Advocates for smoke-free casinos and bars met in Shreveport this week to prepare the northwest Louisiana city for a smoking ban beginning Aug. 1
In June 2020, the Shreveport City Council passed an ordinance banning smoking in bars, casinos, and gaming facilities, according to the Shreveport Times.
Representatives of Smoke-Free Louisiana and the Region 7 Louisiana Healthy Communities Coalition met at the Sand Bar in downtown Shreveport on June 3 to answer questions about the upcoming ban.
The Smoke Free Air Act was to take effect in August 2020. However, the City County, concerned about job losses at Shreveport Casinos during the coronavirus pandemic, pushed the ban for casinos back to Aug. 1, 2021, according to Biz magazine. Some officials expressed concern that smokers would bypass Shreveport casinos and go to nearby resorts where smoking isn’t banned.
“We can talk about secondhand smoke all day long in these casinos and what it does to the employees. But if those employees don’t have a job, it’s going to be worse,” Councilman Grayson Boucher said last year.
Louisiana has 13 riverboat casinos, one land-based casino in New Orleans, and four racinos. Throughout the state, numerous bars and truck stops are equipped with video poker machines.
Two riverboat casinos are on the Red River in Shreveport, according to the Shreveport-Bossier Convention and Tourist Bureau website. The gambling halls and horse track east of the Red River in Bossier City and elsewhere in the Shreveport Casinos area would not be required to abide by the Shreveport smoking ban.
‘Reduced Consumer Demand’
Shreveport is the 30th municipality in Louisiana to implement “a comprehensive smoke-free ordinance,” said Randy Hayden, a Louisiana-based consultant for Americans for Nonsmokers’ Rights.
Quite a few states have already passed the statewide laws, and other states are doing what Louisiana is doing, which that is kind of nickel and diming it, community by community,” Hayden told the Shreveport Times. Hayden is president of Creative Communications in Baton Rouge.
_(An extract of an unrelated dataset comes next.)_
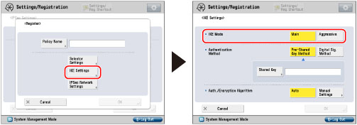 Press [IKE Settings] → select the mode to use for IKE phase 1.
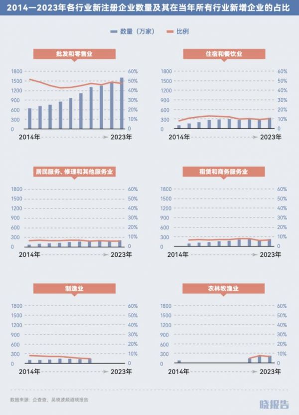 2014—2023年的十年间,不同行业新注册企业的数量,活跃度存在一定程度的波动。但相对稳定的是,批发零售业和住宿餐饮业长期稳居榜单前两名,两者的新增企业数合计,占当年所有行业新增企业数的50%—60%。

Louisiana’s largest cities with casinos, including Baton Rouge and New Orleans, already have passed ordinances banning smoking in casinos. Lake Charles is the most populous city in Louisiana without a smoke-free ordinance to include casinos and bars, according to the newspaper.
Some Shreveport Casinos contend that gamblers who like to smoke won’t go to casinos where it is banned. Wade Duty, executive director of the Louisiana Casino Association, told Casino.org that smoking bans lead to “reduced consumer demand” for casino gambling.
Smoking Bans in Las Vegas
In Las Vegas, Park MGM on the Strip banned smoking last fall after “continued guest requests,” according to Anton Nikodemus, an MGM Resorts executive. NoMad Las Vegas, a luxury “hotel-within-a-hotel” at Park MGM, also has banned smoking.
Park MGM and NoMad are among a small number of casinos on the Strip either to ban or limit smoking.
The Cosmopolitan of Las Vegas last year banned smoking from some public spaces, but not the gaming floor. When Resorts World Las Vegas opens on the Strip on June 24, it will be smoke-free throughout the property except inside the casino, President Scott Sibella told the Las Vegas Review-Journal.
Hayden told Casino.org that younger casino patrons are health conscious and don’t want to work or gamble in smoke-filled settings. With hundreds of casinos now located across the country, patrons can choose nonsmoking resorts close to home, he said.
“Gamblers now recognize they can locally have a ‘what happens in Vegas’ outing and not have to choke their way through that experience,” Hayden said.